WHAT TO DO? REVISIONS!

I’m more than willing to revise my picture book. However…

I’ve now written a half dozen revisions. Some bits of each of them are pretty good, some are not so good, some may be awful, some may be just right. Figuring out how to choose those bits and eliminate the rest has become my dilemma.

This is what I’m going to try. I will put each revision in the same document, but each will have its own color. Then I will cut and paste bits of the different colored versions that are related to one another.

My hope is that when I see the opening page in all the different colors, I can meld the best words and phrases together.

Maybe it will work. May not. If not? Try again!

WHAT IF?

This morning I asked my daughter, “What if I hadn’t said you couldn’t be a nurse when you were ten, because you fainted when having your finger pricked? Would you have become a nurse sooner?”

Her answer, “I don’t know.”

Her question, “What if you hadn’t told me I was adopted all my life, how would I have reacted when I was older and you told me? I might have been angry, but knowing, it was just part of life, I didn’t think about it.”

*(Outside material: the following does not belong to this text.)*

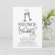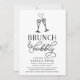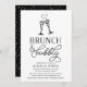 Inbjudan älskade dem att duscha bruden på en "brunch och bubblande" möhippa med dessa chic svarta och vita inbjudningar med två champagnefluber gått med av ett brinnande hjärta och elegant typografi.
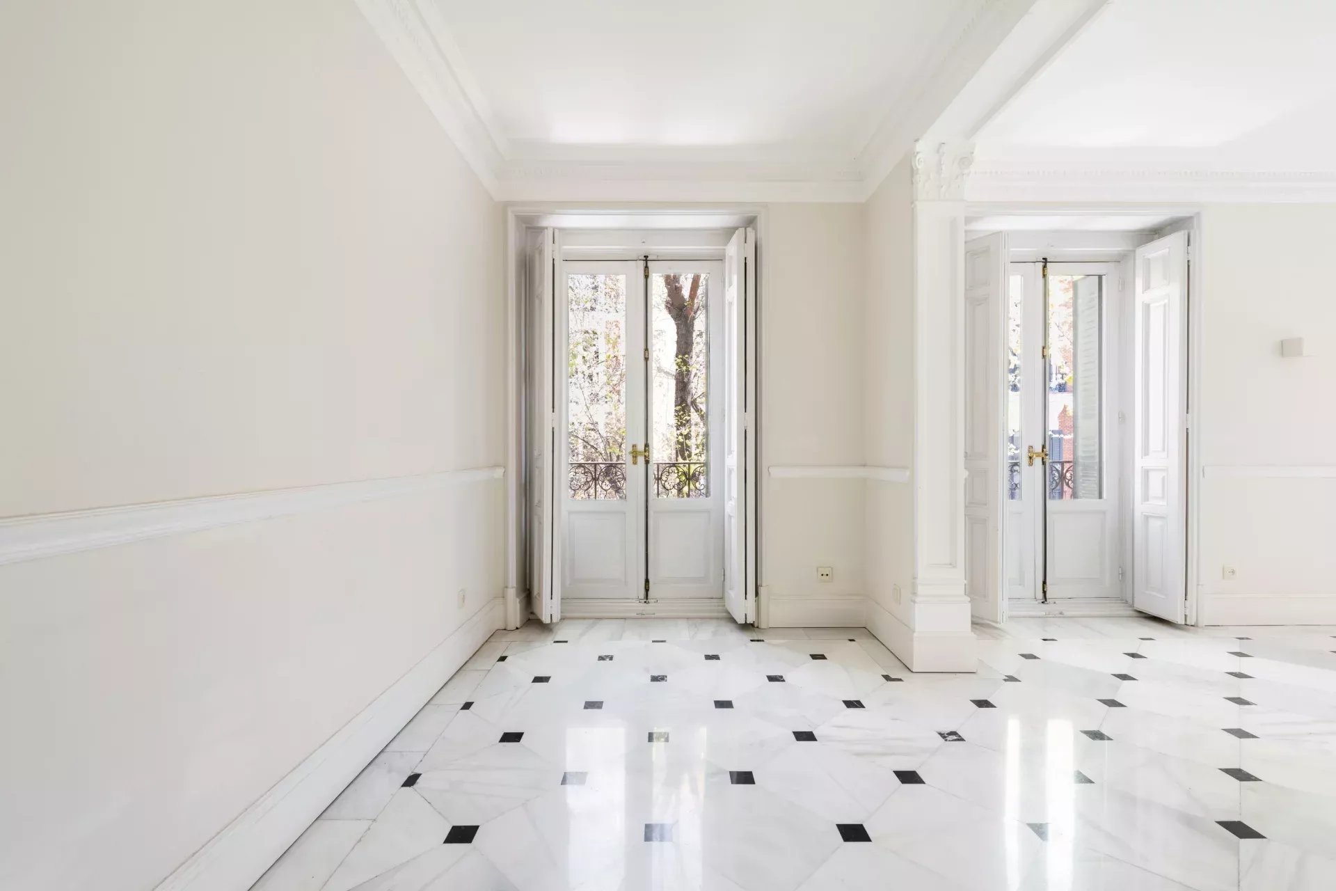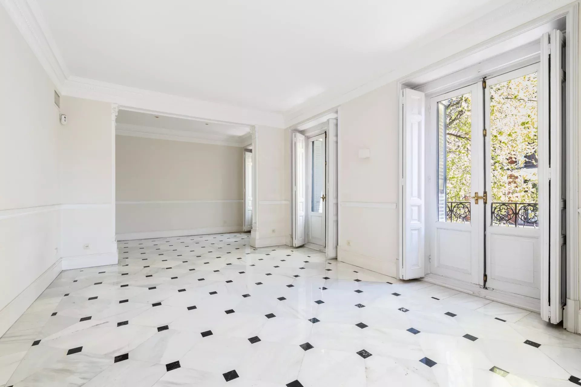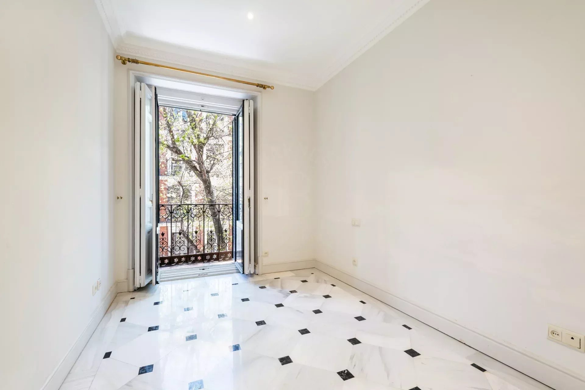 La propiedad destaca especialmente por su imponente fachada exterior, con cinco balcones a la calle en el salón principal que enmarcan unas vistas completamente despejadas hacia el Retiro, aportando una conexión directa con uno de los enclaves más emblemáticos de Madrid. Esta condición exterior se extiende a toda la vivienda, ya que cada uno de los dormitorios cuenta también con salida o ventana a fachada, garantizando luz natural, ventilación cruzada y una calidad espacial superior en todas las estancias.

There have been so many times I could ask myself, “What if…?”

No one can answer the question. To spend time lamenting my choice is to deny my life as it is. My choices have given me life now. The question I need to answer is not what if, but what am I going to do with my life now?

I could mourn all the choices I didn’t make. What would that get me? A sad life.

I can look for opportunities to help someone have a better life, to learn something new, to understand another part of the world I live in, to write stories to share with children and adults.

The world is full of possibilities. I have no time for “what if.” I’m busy with “now.”

TIME TO START AGAIN

It has been quite a long time since I last posted. The main reason is that I am starting a new life as a single. After knowing my man for over 60 years including 58 years of marriage, we said “I love you, good bye”. Not easy, but right. To prolong the goodbye with artificial life on machines would have been cruel and against his will.

I come and go on my own schedule. I am learning to cook for one – not always easy. I always make too much. I don’t have to get up to care for anyone but myself.

Tears fall sometimes, but there are times to laugh and smile with my family and friends, who bolster my spirits, take care of details and put me back together.

I am still an author. So I continue to write and edit and write and edit. Isn’t that what an author does?